Chloramine-induced anaphylaxis while showering: a case report
D’Alò Simona,De Pasquale Tiziana,Incorvaia Cristoforo,Illuminati Ilenia
Journal of Medical Case Reports , 2012, DOI: 10.1186/1752-1947-6-324
Abstract: Introduction Sodium-N-chlorine-p-toluene sulfonamide, commonly known as chloramine-T, is a derivative of chlorine which is widely used as a disinfectant. For many years, chloramine-T has been described as a cause of immediate-type hypersensitivity, especially with regard to asthma and rhinitis, and as a cause of occupational dermatoses in cleaning personnel in hospitals, although no anaphylactic reaction has yet been reported.
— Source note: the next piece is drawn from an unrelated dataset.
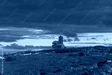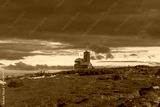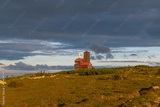 Słońce oświetla budynek dawnego schroniska przy Śnieżnych Kotłach w polskich Karkonoszach tuż przed zachodem słońca

Hence, to the best of our knowledge we present the first case of anaphylaxis to chloramine-T with evidence of specific immunoglobulin E antibodies. Case presentation We describe the case of a 25-year-old Caucasian woman who was in good health and with a negative history for atopy, including no respiratory symptoms of rhinitis or asthma, and with no professional exposure to chloramine-T. She, while showering, applied a chloramine-T solution to a skin area with folliculitis on her leg, and within a few minutes developed generalized urticaria and angioedema, followed by vomiting and collapse with loss of consciousness. A skin prick test with a chloramine-T solution at 10mg/mL concentration was positive, and specific immunoglobulin E to chloramine-T was quantified at a value of 2.9 optical density as measured by the enzyme allergosorbent test technique. Conclusion The strict cause-effect relationship and the results of the skin test and the in vitro test make certain the causative role of chloramine-T in this case of anaphylaxis. This suggests that chloramine-T, based on its wide use as a disinfectant, should be considered a possible cause in anaphylaxis of unknown origin.